BRIEF DESCRIPTION OF THE DRAWINGS
[0010] The system may be better understood with reference to the
following drawings and description. The components in the figures
are not necessarily to scale, emphasis instead being placed upon
illustrating the principles of the invention. Moreover, in the
figures, like-referenced numerals designate corresponding parts
throughout the different views.
[0011] FIG. 1 is a system diagram of an information network for
text ads employing a publisher match server having a keyword
extractor and a crawler, and thus functioning as a meta-search
engine for finding websites co-relevant with web pages and for
adding hyperlinks of the websites to the co-relevant web pages.

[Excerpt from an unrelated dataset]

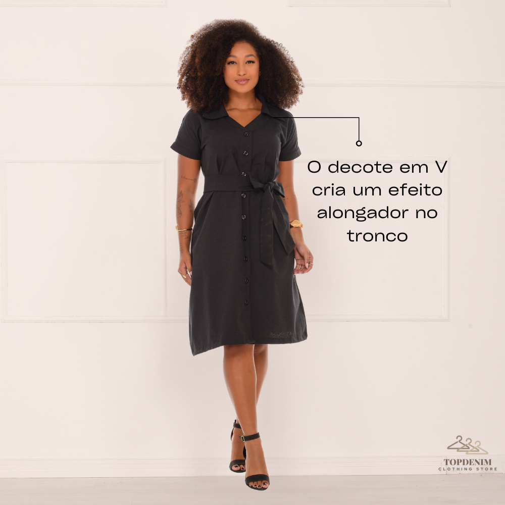 Este vestido apresenta um design clássico e elegante, com linhas limpas que valorizam a silhueta sem abrir mão do conforto. A modelagem é reto-acinturada, estruturada para oferecer caimento leve e harmonioso. Na parte superior, o vestido traz uma gola social com pontas delicadas 👗, adicionando um toque sofisticado ao visual. O decote em V suave, combinado com a abertura frontal completa, cria um efeito alongador no tronco. Toda a frente é fechada por uma fileira de botões alinhados ⚜️, que percorrem a peça do busto até a barra, reforçando a estética atemporal. As mangas curtas possuem barra dobrada, garantindo um acabamento elegante e refinado. A cintura é realçada por uma faixa do mesmo tecido, com passantes discretos, pensada para amarração frontal ou lateral 🎀 — permitindo ajustar a peça ao corpo e trazer definição com suavidade. A saia possui comprimento na altura dos joelhos, com caimento solto e natural, acompanhando o movimento do corpo com leveza. O tecido apresenta textura sutil, conferindo charme e modernidade ao visual. 📌 Especificações do Produto: 🏷️Referência: 18278 🧵 Composição do Tecido: 55% Algodão | 45% Poliéster 📏 Grade de Tamanhos: P ao GG 👗 Modelagem: Reto-acinturada 👔 Gola: Social estruturada ✨ Decote: V suave 🔘 Fechamento: Botões frontais 📏 TABELA DE MEDIDAS (circunferência) Tamanho P Busto: 100 cm Cintura: 104 cm Quadril: 112 cm Manga: 29 cm Comprimento: 101 cm Tamanho M Busto: 106 cm Cintura: 112 cm Quadril: 116 cm Manga: 30 cm Comprimento: 102 cm Tamanho G Busto: 112 cm Cintura: 120 cm Quadril: 120 cm Manga: 31 cm Comprimento: 103 cm Tamanho GG Busto: 118 cm Cintura: 128 cm Quadril: 124 cm Manga: 32 cm Comprimento: 104 cm 🧼 Cuidados com a Peça • Lavar à mão ou no ciclo delicado • Secar à sombra • Não usar alvejante • Passar em temperatura baixa 🏭 Fabricação Própria📦 Pronta Entrega⚡ Envio Imediato Tags 💖

[0012] FIG. 2 is a flow chart of a method for establishing an
information network in which hyperlinks and related text ads or
informational snippets of websites are displayed on co-relevant web
pages, and in which the click traffic from the displayed hyperlinks
are tracked.
DETAILED DESCRIPTION
[0013] In the following description, numerous specific details of
programming, software modules, user selections, network
transactions, database queries, database structures, etc., are
provided for a thorough understanding of various embodiments of the
systems and methods disclosed herein. However, the disclosed system
and methods can be practiced with other methods, components,
materials, etc., or can be practiced without one or more of the
specific details. In some cases, well-known structures, materials,
or operations are not shown or described in detail. Furthermore,
the described features, structures, or characteristics may be
combined in any suitable manner in one or more embodiments. The
components of the embodiments as generally described and
illustrated in the Figures herein could be arranged and designed in
a wide variety of different configurations.

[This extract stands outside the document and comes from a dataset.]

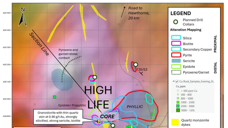 Recent fieldwork at the High Life target has identified strong alteration and gold mineralization consistent with a copper-gold porphyry system (see News Release dated March 31st, 2026), including silicification, sericite alteration, quartz veining, and localized copper mineralization. See Figure 1. These features are spatially associated with geophysical anomalies, including strong magnetic highs with coincident resistivity highs, supporting the interpretation of a robust porphyry system at depth.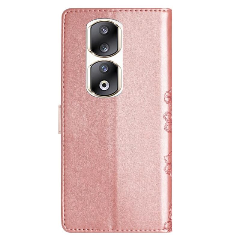 Θήκη τηλεφώνου For Honor 90 Pro 5G με ανάγλυφο PU υλικό, αίσθηση πεταλούδας κερασιάς (Κόκκινο)

[0014] The order of the steps or actions of the methods described
in connection with the disclosed embodiments may be changed as
would be apparent to those skilled in the art. Thus, any order
appearing in the Figures, such as in flow charts or in the Detailed
Description is for illustrative purposes only and is not meant to
imply a required order.
[0015] Several aspects of the embodiments described are illustrated
as software modules or components. As used herein, a software
module or component may include any type of computer instruction or
computer executable code located within a memory device and/or
transmitted as electronic signals over a system bus or wired or
wireless network. A software module may, for instance, include one
or more physical or logical blocks of computer instructions, which
may be organized as a routine, program, object, component, data
structure, etc. that performs one or more tasks or implements
particular abstract data types.
[0016] In certain embodiments, a particular software module may
include disparate instructions stored in different locations of a
memory device, which together implement the described functionality
of the module. Indeed, a module may include a single instruction or
many instructions, and it may be distributed over several different
code segments, among different programs, and across several memory
devices. Some embodiments may be practiced in a distributed
computing environment where tasks are performed by a remote
processing device linked through a communications network. In a
distributed computing environment, software modules may be located
in local and/or remote memory storage devices.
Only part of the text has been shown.